Is it a stretch to push my assumptions about an upcoming global energy war to predictions of impending space colonization efforts and the fracture of such a structure after a single generation? Perhaps. But I feel quite confident that history demonstrates the dynamics outlined above to be entirely reliable and predictive influences upon geopolitics. One of those influences is obvious and totally inescapable: we’re running out of [name something] and as we’ve already conquered Earth, we can only look to places other than Earth to find more of [name something].
This transition will be no different from what happened after the discovery of the New World, but it certainly will have a different feel to us — because we will be the actors doing things immediate to us not students studying the changes from the perspective of history. The people of the 16th century thought it was absolutely ridiculous to propose that colonies would stand in America, and further thought it so ridiculous to assume they would take on a national character and identity that it was never seriously considered. So if you think the idea of broad-based space colonization and the eventual rise of non-Earth centric political and social systems ridiculous you stand with the majority of 16th-century thinkers, which is not bad company really — they were smart, just wrong.

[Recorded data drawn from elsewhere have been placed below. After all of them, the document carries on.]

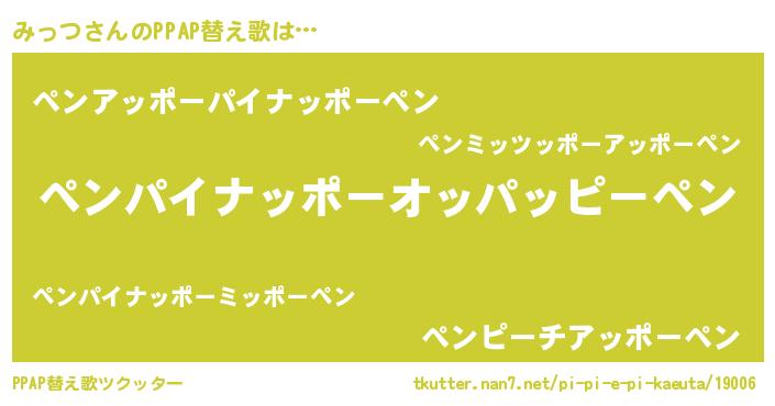 みっつさんのPPAP替え歌は… 『ペンパイナッポーオッパッピーペン』『ペンアッポーパイナッポーペン』『ペンピーチアッポーペン』 ツクッター #PPAP替え歌ツクッター http://tkutter.nan7.net/pi-pi-e-pi-kaeuta/19006/
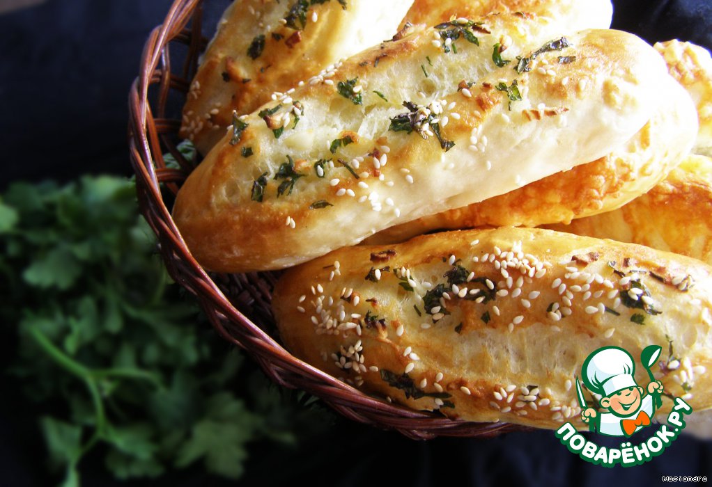 В расстоявшихся булочках сделать продольный развез и в половину багетиков выложить масляно-чесночную массу, оставшиеся булочки посыпать сыром.
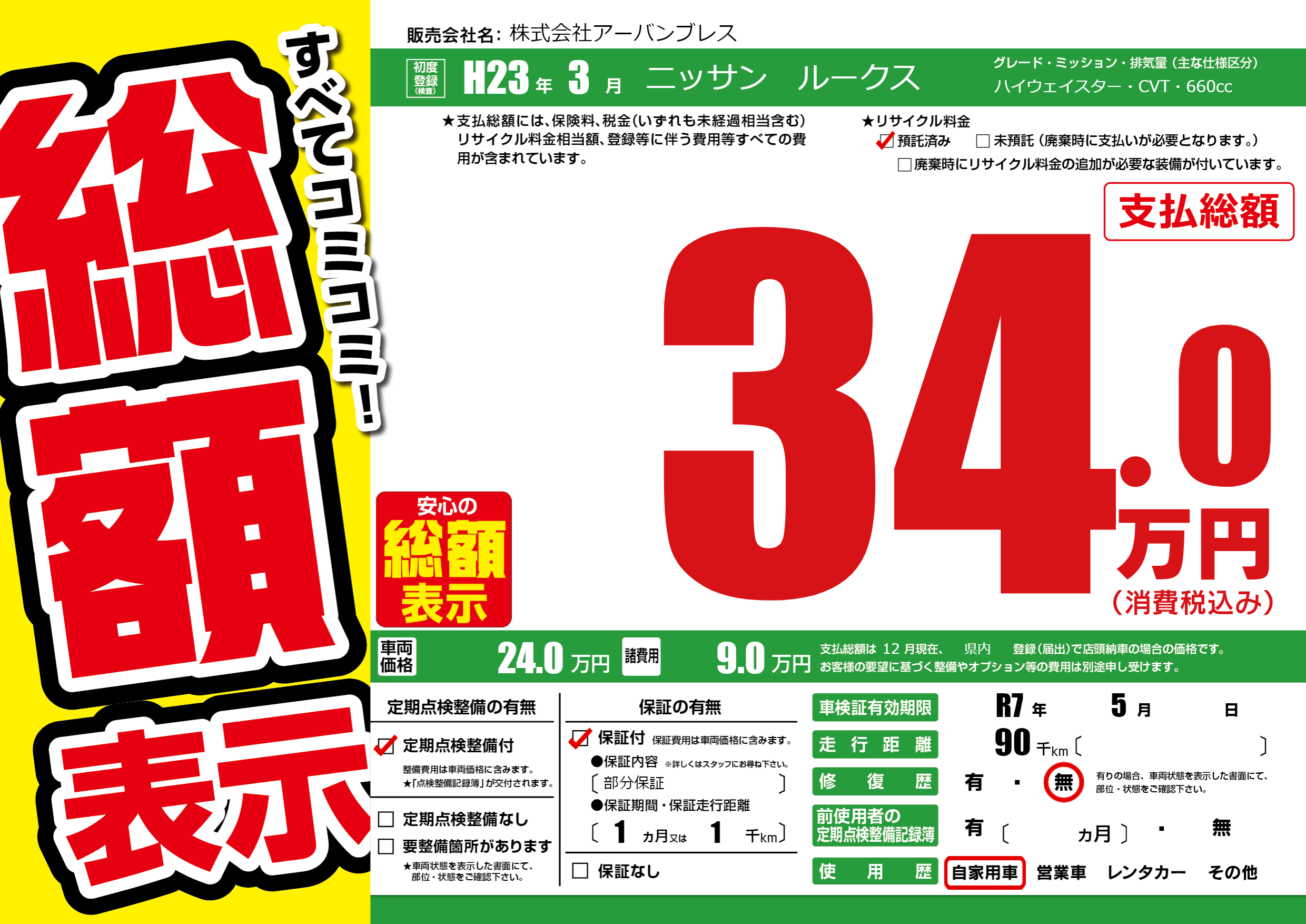 | 走行キロ | 9万km | 初年度登録 | H23年3月 |
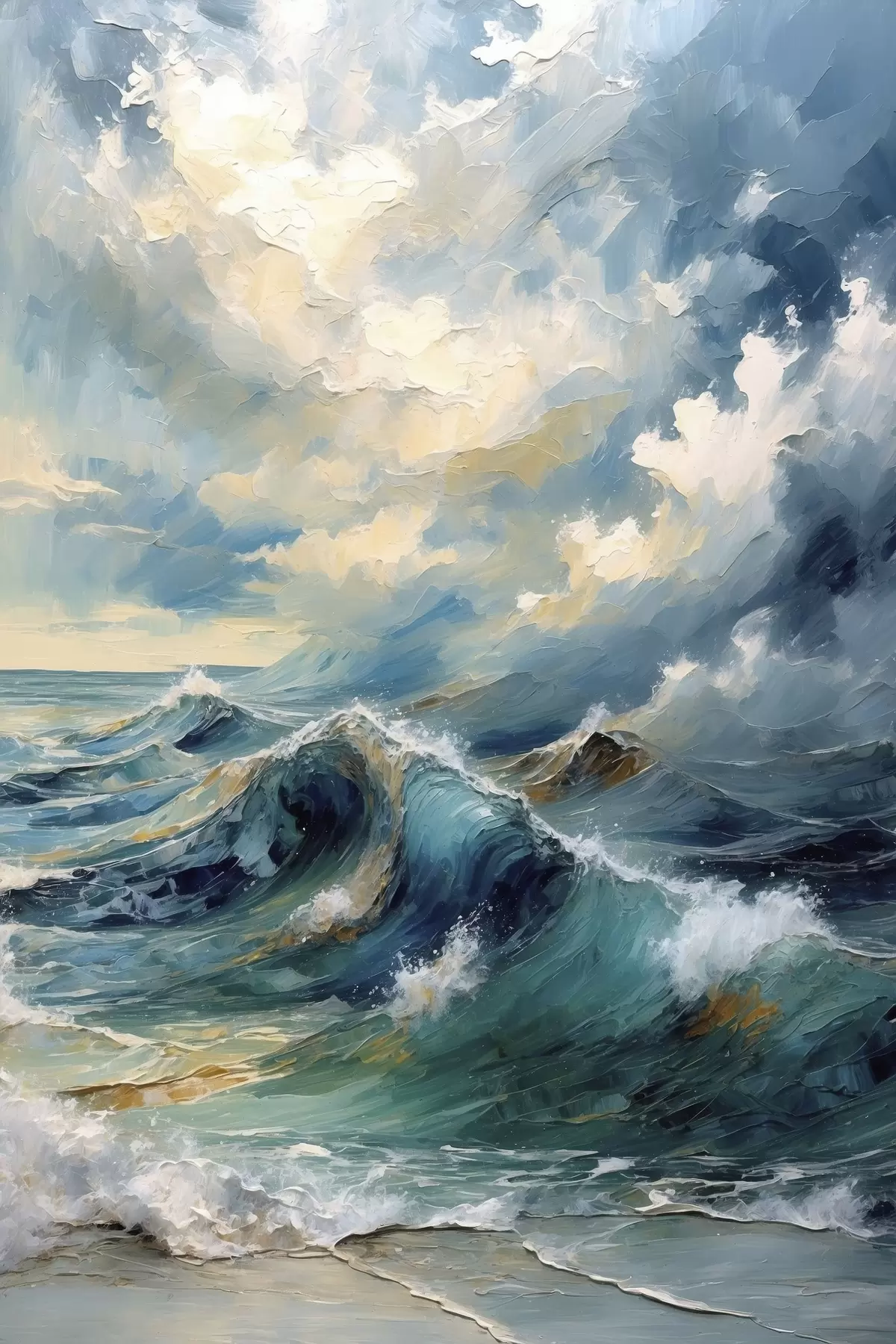 Poster Zeegolven onder een heldere bewolkte hemel f47275

In this I disagree with Naom Chomsky’s opinion that global hegemony is the doom of humanity as he asserts in his scary, somewhat anti-American book Hegemony or Survival because he assumes the struggle for hegemony is ultimately a nationalist goal in opposition to survival rather than a survivalist struggle among nations. Further, he ignores the next step in energy accumulation: space. People have very little faith in the ability of Man to conquer space but I firmly believe that humans are too smart to give over and die out save some huge, unpredictable cataclysm (Islamic-driven nuclear destruction, a massive asteroid impact prior to sustained colonization, etc.).
I will develop this idea a bit further eventually, but I wanted to put out a broad-stroked view now and see what folks think of it. There are several aspects of the coming changes that are significant of themselves — particularly to the most leading of nations — such as land use policies, energy use policies, mechanical and caloric energy collection and transmission policies and technologies, space domination and research/exploration, and societal shifts. These are all closely related and will become even closer as time goes on. Since I’m not a sponsored writer or anything I hope I can get the free time to do some in-depth study of events and touch on each factor and related ideas as they become more distinct in my mind.